好的,我之前遇到过这个问题并解决了它,而无需使用任何第三方工具,例如 selenium我可能会考虑其他途径。

免责声明:我从其他来源找到并修改了很多此代码,由于许多原因,我现在无法追踪来源,如果我找到它们,我稍后会添加它们。

好的,首先您需要找到您的窗口,创建一个新模块并将其命名为“modWindowsAPI”并将其添加到其中,这将允许您的脚本挂钩到必要的 Windows API,不仅可以找到窗口,还可以下载:

Option Explicit

Public Declare Sub Sleep Lib "kernel32" _
    (ByVal dwMilliseconds As Long)

Public Declare Function FindWindow Lib "user32" Alias "FindWindowA" _
    (ByVal lpClassName As String, ByVal lpWindowName As String) As Long

Public Declare Function FindWindowEx Lib "user32" Alias "FindWindowExA" _
    (ByVal hWnd1 As Long, ByVal hWnd2 As Long, ByVal lpsz1 As String, ByVal lpsz2 As String) As Long

Public Declare Function SetForegroundWindow Lib "user32" _
    (ByVal hWnd As Long) As Long

Public Declare Function SendMessage Lib "user32" Alias "SendMessageA" _
    (ByVal hWnd As Long, ByVal wMsg As Long, ByVal wParam As Long, lParam As Any) As Long

Public Declare Function SendMessageByString Lib "user32" Alias "SendMessageA" _
    (ByVal hWnd As Long, ByVal wMsg As Long, ByVal wParam As Long, ByVal lParam As String) As Long

Public Declare Function PostMessage Lib "user32" Alias "PostMessageA" _
    (ByVal hWnd As Long, ByVal wMsg As Long, ByVal wParam As Long, lParam As Any) As Long

Public Declare Sub keybd_event Lib "user32" _
    (ByVal bVk As Byte, ByVal bScan As Byte, ByVal dwFlags As Long, ByVal dwExtraInfo As Long)

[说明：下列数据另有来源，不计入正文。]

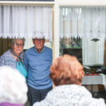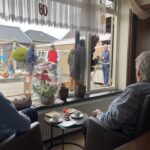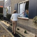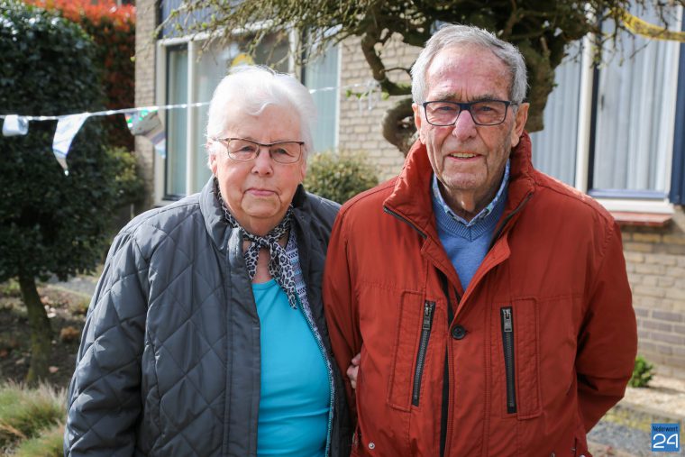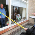 Het jubilerende echtpaar kon vanachter het raam vanuit de woonkamer de bezoekers op een veilige manier ontvangen. Nadat het huis en tuin versierd waren begonnen de feestelijkheden met de eerste bezoekers die kwamen feliciteren en dit liep zo de gehele dag door. De bezoekers werden ontvangen met een koffie en taartje to go. Tussen de sneeuwbuien en de stralende zon door werd het een onvergetelijke dag voor Theo en Geertje.
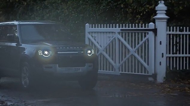 BLO AK Land Rover Defender foi visto saindo de Bishops Gate perto do Royal Lodge em Windsor pouco antes das 8h da manhã de sábado, com a terminação DOY em sua placa.
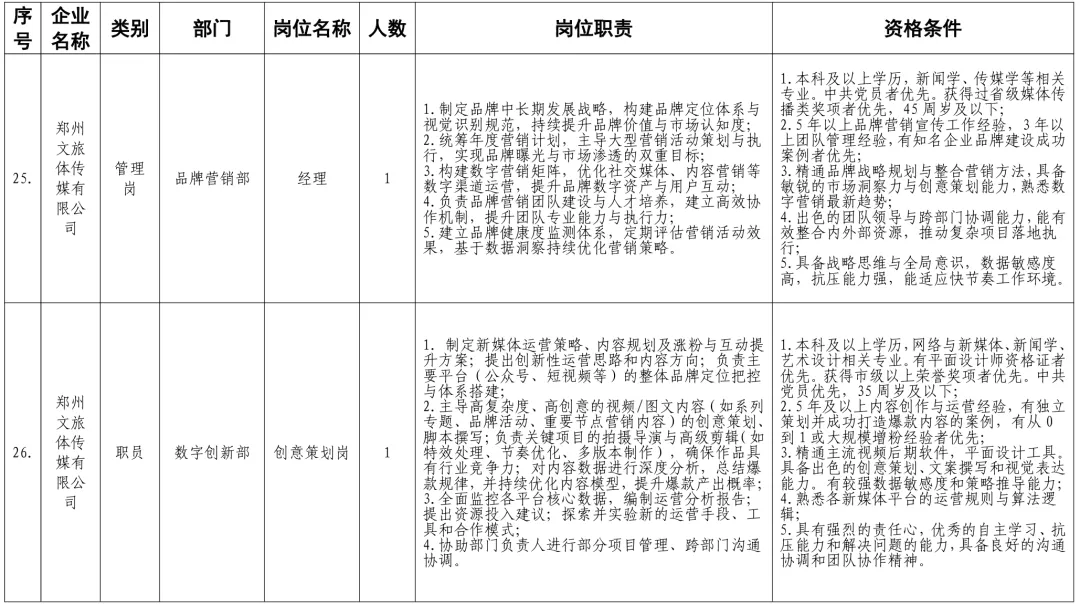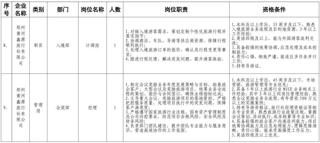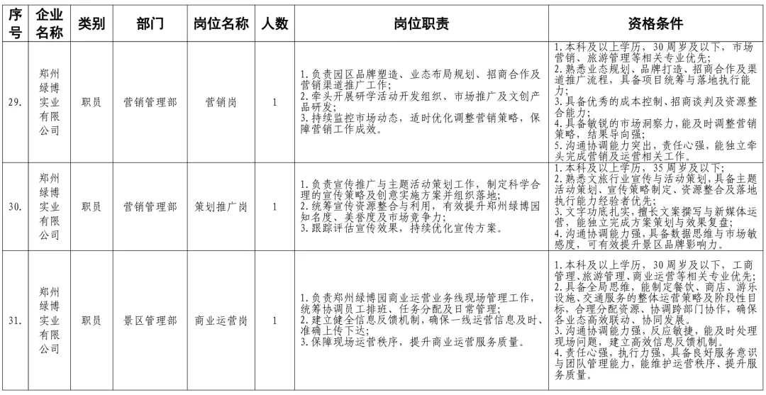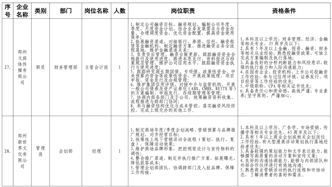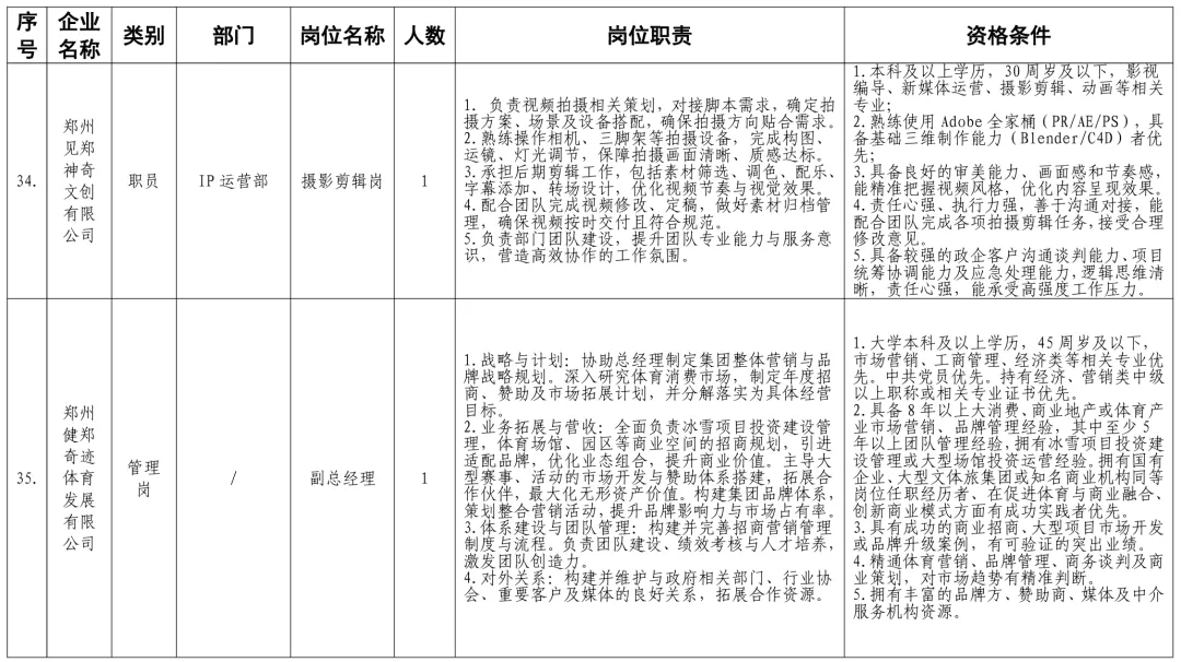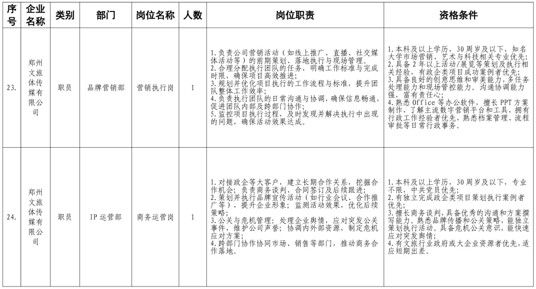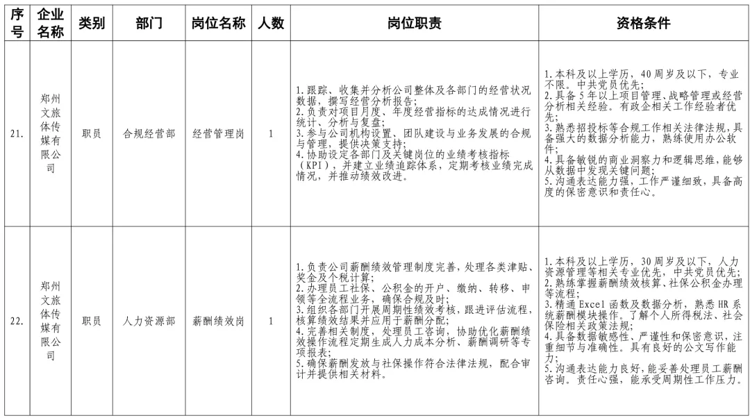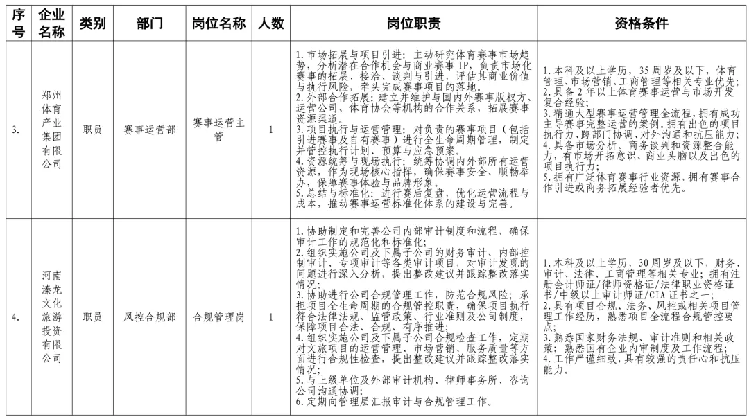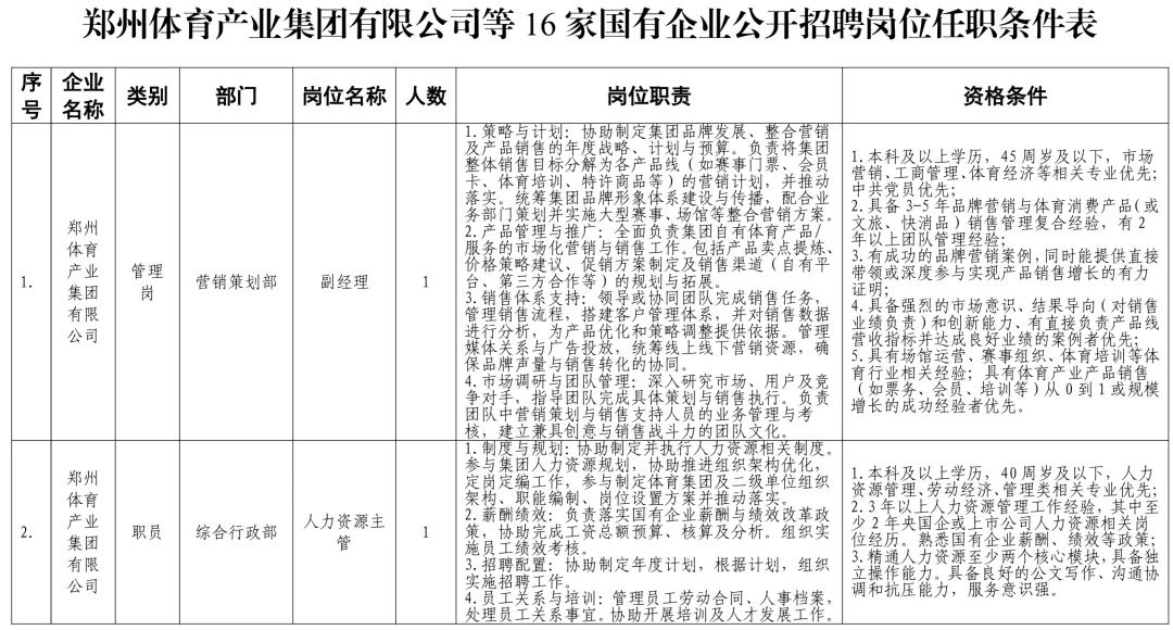 招聘岗位及有关要求见《郑州体育产业集团有限公司等16家国有企业公开招聘岗位任职条件表》。
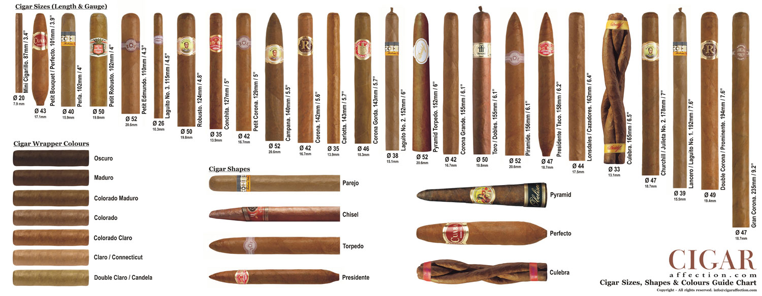 Velice podrobný přehled různých typů, velikostí a tvarů doutníků naleznete na stránkách cigarafection.com
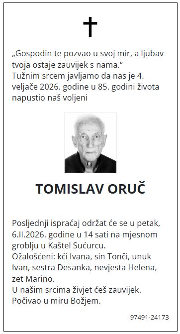 “Gospodin te pozvao u svoj mir, a ljubav tvoja ostaje zauvijek s nama.“ Tužnim srcem javljamo da nas je 4. veljače 2026. godine u 85. godini života napustio naš voljeni

Public Const BM_CLICK = &HF5
Public Const WM_SETTEXT = &HC
Public Const WM_GETTEXT = &HD
Public Const WM_GETTEXTLENGTH = &HE

Public Const VK_KEYDOWN = &H0
Public Const VK_KEYUP = &H2
Public Const VK_CONTROL = &H11

从这里有两种锁定窗口的方法(据我所知,可能还有更多),通过 URL 或窗口标题找到它。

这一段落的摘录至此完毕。